MacRansom Ransomware

O MacRansom é um kit de malware oferecido como um Ransomware-como-um-Service (Raas) que ataca máquinas baseadas no MacOS desde 2017. A ameaça persiste até hoje graças a um fluxo constante de hackers afiliados que obtêm compilações MacRansom de seus criadores por meio de um portal da Web hospedado pelo TOR. O MacRansom pode ser executado em uma data de acionamento predeterminada ou se autoexecutar ao conectar uma unidade externa a uma tomada USB. Na maioria dos casos, as vítimas devem pagar 0,25 BTC (aproximadamente $2.860 em agosto de 2020) para recuperar seus arquivos.

Vetores de Infecção

Os desenvolvedores do MacRansom não o oferecem diretamente na Dark Web. Eles forneciam sob demanda usando um portal da web baseado em TOR. Os cibercriminosos que obtêm uma construção do MacRansom não carecem de incentivo para estabelecer contato - os atores por trás do MacRansom prometem devolver 70% da indenização exigida, desde que a vítima concorde em pagar. Além disso, dizem que MacRansom não deixa pegadas digitais, o que dá aos invasores uma chance justa de escapar de uma possível acusação criminal. Uma vez que um hacker conseguiu obter o MacRansom, ele ou ela precisaria ter acesso físico à máquina MacOS visada ou induzir a vítima a obtê-lo de um anexo de e-mail ou através do serviço AirDrop da Apple. A última opção está disponível por uma taxa adicional.

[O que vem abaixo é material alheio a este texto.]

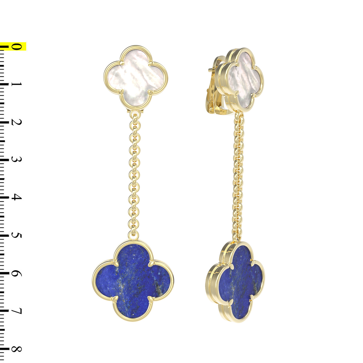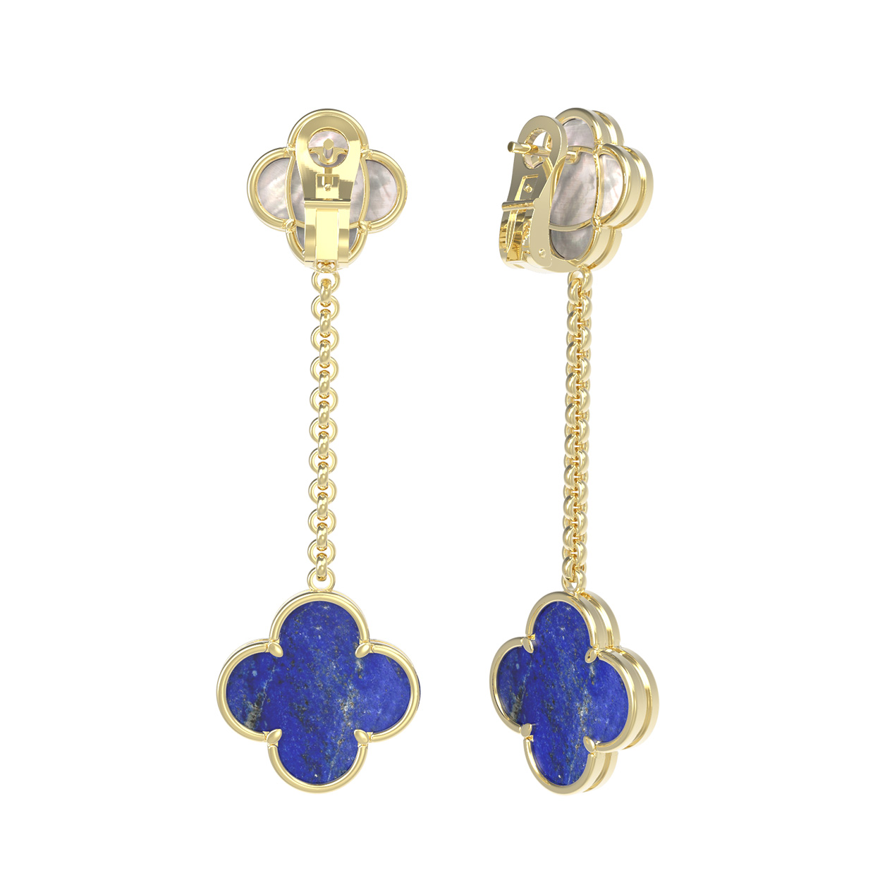 Серьги выполнены с вниманием к деталям: изящная цепочка соединяет верхний элемент с инкрустацией из перламутра и нижний подвесной элемент с лазуритом. Общее количество вставок составляет 2. Благодаря универсальной эстетике и выверенным линиям, эти серьги подходят для женщин и мужчин, которые ценят стиль и лаконичность. Дизайн в форме клевера символизирует удачу и природную красоту, воплощенную в ювелирном искусстве. Данное изделие прекрасно дополнит вечерний или повседневный наряд, а также может стать частью изысканного комплекта украшений. Привнесите ноту роскоши в свою коллекцию аксессуаров с этим оригинальным ювелирным творением из лимонного золота.

Como o MacRansom Funciona?

Uma infecção por MacRansom começa quando atinge seu 'momento de ativação'. Este último pode ser lançado em uma data fixa ou mediante a montagem de um drive USB externo, dependendo do pedido do cliente. De qualquer forma, MacRansom executará primeiro uma série de verificações para se certificar de que:

• É executado em uma máquina baseada no MacOS dual-core.
• Não pousou em um depurador.

Se essas duas condições estiverem disponíveis, MacRansom gera um ponto de inicialização escondido atrás de um arquivo de aparência genuína no ~/Librar/LaunchAgents/com.apple.finder.plist. É quando a contagem regressiva para acionar o tempo começa. MacRansom então verifica o sistema do usuário em busca de arquivos maiores que 8 bytes antes de aplicar um algoritmo de criptografia simétrica. Esta é a aparência da nota de resgate:

Imagem da Mensagem de Alerta do MacRansom

Texto da nota do MacRansom:

"Todos os seus arquivos estão criptografados. Sou a única pessoa no mundo com a chave que pode desbloqueá-los. Se precisar de uma prova, compacte 3 dos arquivos criptografados e envie por e-mail para getwindows@protonmail.com e o número de série do seu dispositivo . Se você quiser comprar nosso software de descriptografia, transfira 0,25 Bitcoin para [random_characters] em 7 dias. Sua chave será removida automaticamente de nosso servidor após 7 dias, portanto, mesmo nós não podemos desbloquear seus arquivos após [random_characters]. "

No entanto, há duas falhas na nota acima. Em primeiro lugar, MacRansom só pode criptografar até 128 dos arquivos da vítima. Em segundo lugar, MacRansom não se comunica com um servidor de C&C remoto, o que implica que a chave de descriptografia está disponível apenas na máquina da vítima. Os bandidos responsáveis podem não ter nenhuma cópia dela armazenada em outro servidor, ao contrário do que afirmam na nota. No entanto, os pesquisadores estão confiantes de que um ataque de força bruta deve quebrar o algoritmo de criptografia simétrica, contanto que você aja antes que o MacRansom termine.